Task statement ▸ Copy out the data exactly as it appears, without a single image.

Stored items ▸
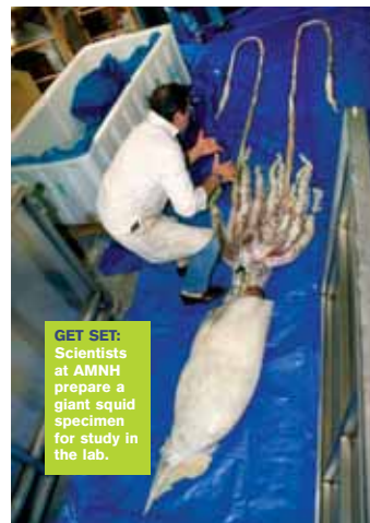
GET SET: Scientists at AMNH prepare a giant squid specimen for study in the lab.
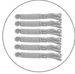
6 - 13 Ft ropes
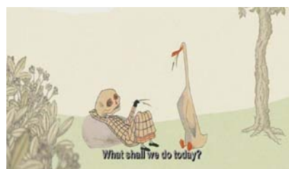
Ill. 2: Duck and Death strike a friendship
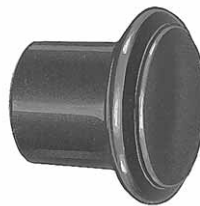
1" round design

Black. 1" (25.0mm) face diameter. 8-32 thread tapped set screw hole.
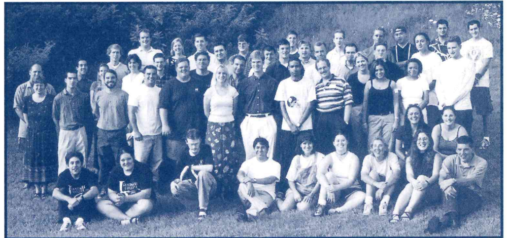
Reunion group photo. See Page 4 for more Reunion photos.
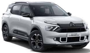
POLAR WHITE BODY WITH PLATINUM GREY ROOF
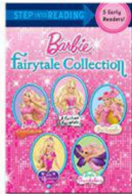
Barbie: Fairytale Collection ISBN: 978-0-375-87255-6
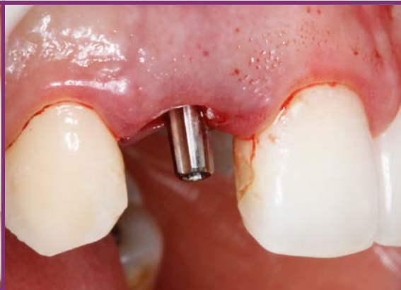
Abutment in place
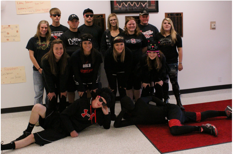
Above: The senior class shows off their black on Monday for color wars! Everyone enjoyed dressing up for Spirit Week.
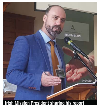
Irish Mission President sharing his report
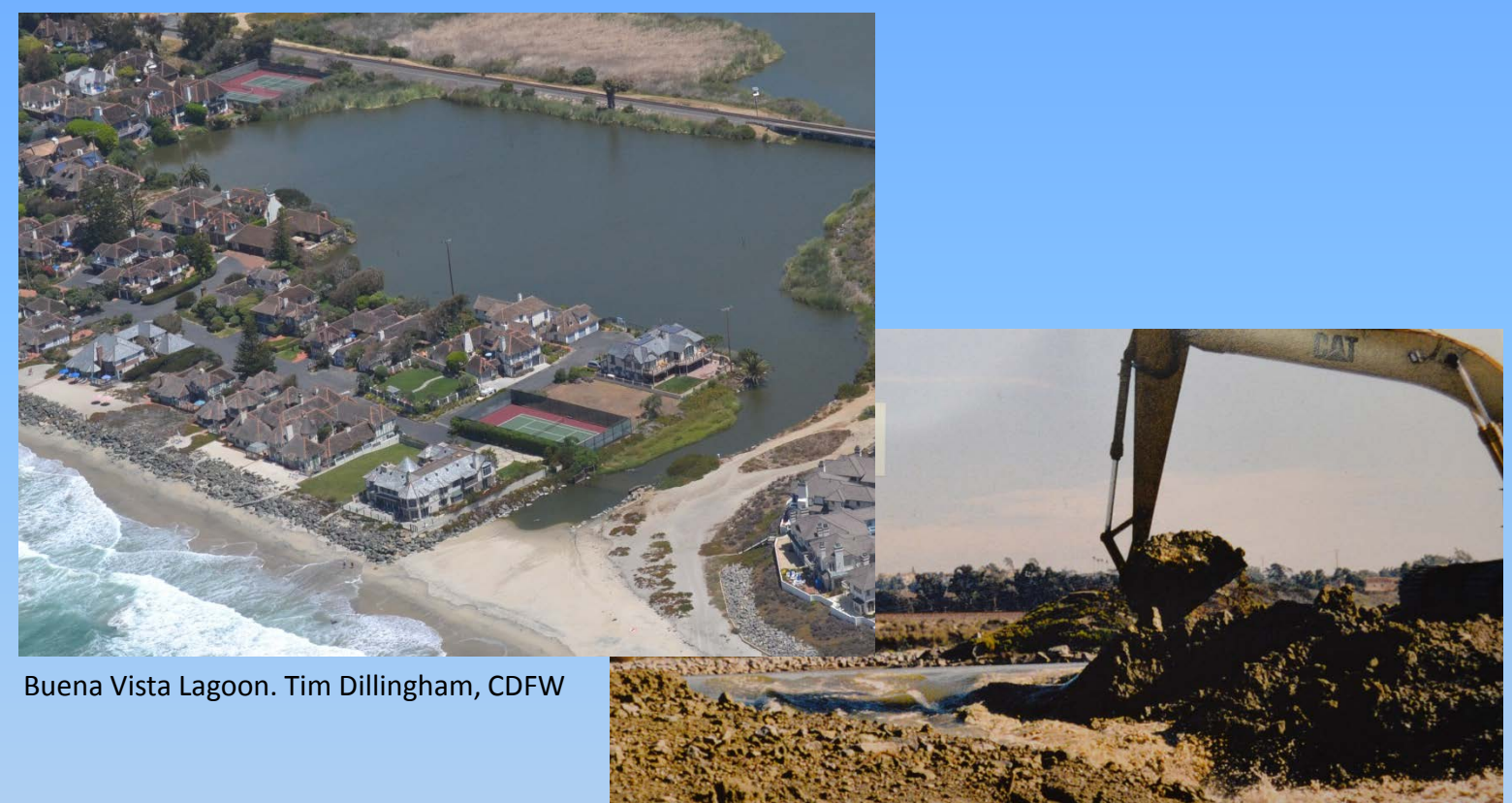
Batiquitos Lagoon.

Response for this exercise ▸
GET SET: Scientists at AMNH prepare a giant squid specimen for study in the lab.
6 - 13 Ft ropes
Ill. 2: Duck and Death strike a friendship
1" round design

Black. 1" (25.0mm) face diameter. 8-32 thread tapped set screw hole.
Reunion group photo. See Page 4 for more Reunion photos.
POLAR WHITE BODY WITH PLATINUM GREY ROOF
Barbie: Fairytale Collection ISBN: 978-0-375-87255-6
Abutment in place
Above: The senior class shows off their black on Monday for color wars! Everyone enjoyed dressing up for Spirit Week.
Irish Mission President sharing his report
Batiquitos Lagoon.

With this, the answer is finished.